I've been seeing pretty frequent and repeatable scp stalls between two 
FreeBSD 7.0 servers (7.0-RELEASE-p2 to be exact) on a 100 Mb LAN. 
They're two HP servers, an Opteron 275 and a dual Xeon 3.4 (don't recall 
the models but I can get them if it's relevant) using the onboard bge(4) 
cards.
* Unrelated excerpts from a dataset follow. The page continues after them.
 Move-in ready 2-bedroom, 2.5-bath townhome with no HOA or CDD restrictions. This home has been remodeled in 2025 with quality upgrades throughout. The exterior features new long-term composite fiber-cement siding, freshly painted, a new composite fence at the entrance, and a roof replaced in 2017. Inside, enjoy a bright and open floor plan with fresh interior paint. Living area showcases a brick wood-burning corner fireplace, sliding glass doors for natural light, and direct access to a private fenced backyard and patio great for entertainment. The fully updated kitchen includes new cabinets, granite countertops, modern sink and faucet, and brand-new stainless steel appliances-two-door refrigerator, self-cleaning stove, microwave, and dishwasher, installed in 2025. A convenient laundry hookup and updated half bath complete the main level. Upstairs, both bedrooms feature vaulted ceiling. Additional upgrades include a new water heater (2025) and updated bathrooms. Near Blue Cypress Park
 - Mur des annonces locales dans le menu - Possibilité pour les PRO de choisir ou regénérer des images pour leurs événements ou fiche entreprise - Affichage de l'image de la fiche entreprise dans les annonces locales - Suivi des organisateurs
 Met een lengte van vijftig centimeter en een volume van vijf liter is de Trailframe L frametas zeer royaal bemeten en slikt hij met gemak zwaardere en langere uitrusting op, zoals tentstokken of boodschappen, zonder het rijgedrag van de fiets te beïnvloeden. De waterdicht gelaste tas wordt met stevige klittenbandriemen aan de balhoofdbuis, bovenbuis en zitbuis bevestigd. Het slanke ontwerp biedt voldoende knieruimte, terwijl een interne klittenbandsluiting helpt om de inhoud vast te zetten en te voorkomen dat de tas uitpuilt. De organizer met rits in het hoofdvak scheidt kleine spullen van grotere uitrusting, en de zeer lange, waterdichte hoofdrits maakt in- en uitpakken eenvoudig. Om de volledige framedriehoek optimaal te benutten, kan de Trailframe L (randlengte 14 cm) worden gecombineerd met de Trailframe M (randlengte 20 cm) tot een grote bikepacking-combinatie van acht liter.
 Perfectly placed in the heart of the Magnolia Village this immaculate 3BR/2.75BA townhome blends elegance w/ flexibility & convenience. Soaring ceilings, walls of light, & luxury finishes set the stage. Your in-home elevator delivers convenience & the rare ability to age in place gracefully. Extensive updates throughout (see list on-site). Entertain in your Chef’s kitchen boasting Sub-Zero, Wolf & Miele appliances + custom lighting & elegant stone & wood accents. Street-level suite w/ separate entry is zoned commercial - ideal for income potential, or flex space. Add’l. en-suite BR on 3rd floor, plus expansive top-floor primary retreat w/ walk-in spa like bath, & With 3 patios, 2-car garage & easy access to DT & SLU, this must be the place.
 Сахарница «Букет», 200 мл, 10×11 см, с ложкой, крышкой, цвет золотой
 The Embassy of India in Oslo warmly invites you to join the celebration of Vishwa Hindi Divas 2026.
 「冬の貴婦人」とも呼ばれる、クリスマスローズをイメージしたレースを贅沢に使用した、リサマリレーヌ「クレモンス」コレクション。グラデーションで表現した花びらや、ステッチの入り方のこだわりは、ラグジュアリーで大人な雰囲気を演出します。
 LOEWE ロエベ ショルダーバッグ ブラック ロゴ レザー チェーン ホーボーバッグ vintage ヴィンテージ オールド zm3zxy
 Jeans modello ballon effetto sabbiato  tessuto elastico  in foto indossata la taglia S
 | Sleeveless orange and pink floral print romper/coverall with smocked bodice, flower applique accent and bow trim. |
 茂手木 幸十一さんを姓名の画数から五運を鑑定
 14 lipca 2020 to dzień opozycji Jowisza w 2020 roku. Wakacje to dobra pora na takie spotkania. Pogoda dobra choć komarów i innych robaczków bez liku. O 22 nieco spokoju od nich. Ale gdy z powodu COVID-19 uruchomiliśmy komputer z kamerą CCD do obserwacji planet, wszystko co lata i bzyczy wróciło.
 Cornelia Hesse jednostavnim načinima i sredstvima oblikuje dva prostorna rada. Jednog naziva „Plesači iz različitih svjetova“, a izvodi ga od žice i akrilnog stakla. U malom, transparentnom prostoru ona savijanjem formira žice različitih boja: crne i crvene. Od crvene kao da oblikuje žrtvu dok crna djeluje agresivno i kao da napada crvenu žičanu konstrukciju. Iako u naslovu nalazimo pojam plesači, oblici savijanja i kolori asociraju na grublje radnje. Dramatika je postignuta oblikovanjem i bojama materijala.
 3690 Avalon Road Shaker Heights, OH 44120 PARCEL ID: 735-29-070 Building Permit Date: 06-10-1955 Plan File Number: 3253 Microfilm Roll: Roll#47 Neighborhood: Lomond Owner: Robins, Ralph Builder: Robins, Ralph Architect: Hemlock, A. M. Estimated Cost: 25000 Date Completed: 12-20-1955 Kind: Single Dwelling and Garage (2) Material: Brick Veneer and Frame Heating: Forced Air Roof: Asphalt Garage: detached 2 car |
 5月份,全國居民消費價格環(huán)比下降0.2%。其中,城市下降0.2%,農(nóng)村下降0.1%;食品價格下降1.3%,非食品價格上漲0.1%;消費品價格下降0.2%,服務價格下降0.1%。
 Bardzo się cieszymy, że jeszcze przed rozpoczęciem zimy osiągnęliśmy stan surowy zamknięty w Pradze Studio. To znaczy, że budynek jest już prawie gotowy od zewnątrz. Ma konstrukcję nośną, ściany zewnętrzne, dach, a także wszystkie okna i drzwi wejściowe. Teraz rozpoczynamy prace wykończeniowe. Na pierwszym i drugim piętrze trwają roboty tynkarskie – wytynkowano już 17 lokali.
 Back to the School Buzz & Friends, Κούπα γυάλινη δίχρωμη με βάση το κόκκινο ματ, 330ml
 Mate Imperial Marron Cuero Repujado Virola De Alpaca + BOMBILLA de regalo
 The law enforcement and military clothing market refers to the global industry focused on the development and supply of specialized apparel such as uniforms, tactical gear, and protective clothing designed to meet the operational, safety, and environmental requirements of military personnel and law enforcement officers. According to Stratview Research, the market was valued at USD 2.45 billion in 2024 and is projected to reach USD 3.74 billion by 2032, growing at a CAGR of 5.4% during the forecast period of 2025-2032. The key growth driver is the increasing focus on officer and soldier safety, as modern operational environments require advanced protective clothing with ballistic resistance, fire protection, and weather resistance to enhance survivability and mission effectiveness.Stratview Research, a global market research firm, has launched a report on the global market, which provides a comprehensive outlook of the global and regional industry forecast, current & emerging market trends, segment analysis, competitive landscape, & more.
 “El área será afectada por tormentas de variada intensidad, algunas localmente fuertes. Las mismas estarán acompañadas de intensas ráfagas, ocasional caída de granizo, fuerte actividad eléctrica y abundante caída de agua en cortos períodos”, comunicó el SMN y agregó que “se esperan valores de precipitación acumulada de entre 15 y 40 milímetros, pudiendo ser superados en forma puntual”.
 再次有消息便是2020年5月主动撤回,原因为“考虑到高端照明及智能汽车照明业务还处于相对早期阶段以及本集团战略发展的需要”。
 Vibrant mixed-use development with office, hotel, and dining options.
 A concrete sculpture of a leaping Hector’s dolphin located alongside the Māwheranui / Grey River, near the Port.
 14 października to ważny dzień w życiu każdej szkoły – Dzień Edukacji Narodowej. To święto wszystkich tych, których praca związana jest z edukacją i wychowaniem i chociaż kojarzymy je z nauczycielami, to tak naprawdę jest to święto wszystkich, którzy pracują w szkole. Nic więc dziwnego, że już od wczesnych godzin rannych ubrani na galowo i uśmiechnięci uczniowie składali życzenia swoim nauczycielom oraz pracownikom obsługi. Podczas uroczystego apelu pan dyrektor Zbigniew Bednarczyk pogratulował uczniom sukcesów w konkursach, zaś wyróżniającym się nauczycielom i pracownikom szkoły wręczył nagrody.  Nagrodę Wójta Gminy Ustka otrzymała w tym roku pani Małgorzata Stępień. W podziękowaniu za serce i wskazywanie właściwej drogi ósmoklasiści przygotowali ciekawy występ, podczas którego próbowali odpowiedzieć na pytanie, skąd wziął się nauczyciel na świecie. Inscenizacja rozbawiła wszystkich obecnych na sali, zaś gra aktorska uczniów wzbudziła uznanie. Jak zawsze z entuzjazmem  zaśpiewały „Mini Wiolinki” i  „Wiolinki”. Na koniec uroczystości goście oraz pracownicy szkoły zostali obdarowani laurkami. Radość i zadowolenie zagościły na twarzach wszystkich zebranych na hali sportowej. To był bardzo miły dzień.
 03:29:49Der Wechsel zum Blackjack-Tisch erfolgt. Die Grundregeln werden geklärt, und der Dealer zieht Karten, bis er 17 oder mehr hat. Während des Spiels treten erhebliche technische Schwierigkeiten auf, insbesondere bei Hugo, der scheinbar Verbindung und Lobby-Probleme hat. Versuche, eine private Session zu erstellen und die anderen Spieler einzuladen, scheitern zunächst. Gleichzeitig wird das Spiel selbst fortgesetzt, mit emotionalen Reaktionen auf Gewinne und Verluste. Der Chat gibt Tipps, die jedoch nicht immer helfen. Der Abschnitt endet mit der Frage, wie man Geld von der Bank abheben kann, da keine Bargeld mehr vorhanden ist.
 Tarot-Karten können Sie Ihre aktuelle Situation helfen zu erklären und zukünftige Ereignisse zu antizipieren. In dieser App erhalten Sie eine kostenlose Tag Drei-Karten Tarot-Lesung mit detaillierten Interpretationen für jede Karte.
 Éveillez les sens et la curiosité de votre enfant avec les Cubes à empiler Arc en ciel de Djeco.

The client side (builder7) SCPs a file to the server side 
(hosting7) about 20 times a day. The stall happens about 2-4 times a 
week or so, and has happened ever since we put these two boxes online in 
their current functions. Initially they were the original 7.0 release, 
prior to the TCP fix in June. It's behaved the same way both prior to 
and after that fix. There are no apparent network issues aside from this 
with either of the boxes.

Since we had nothing to go on other than scp sessions going to "stalled" 
(no relevant logs), I setup a tcpdump on each end filtering on the TCP 
22 traffic between these hosts, grabbing 100 bytes of each frame to 
avoid chewing up too much disk space. When it happened again I split the 
end out into its own file with editcap, 4.2-4.3 MB each.

http://chrisbuechler.com/temp/lastcut-hosting7.pcap 
<http://chrisbuechler.com/temp/lastcut-hosting7.pcap> - server end, 
capture taken on host but destination IP is a jail
http://chrisbuechler.com/temp/lastcut-builder7.pcap 
<http://chrisbuechler.com/temp/lastcut-builder7.pcap> - client end, 
connection is initiated from the host, no jails involved.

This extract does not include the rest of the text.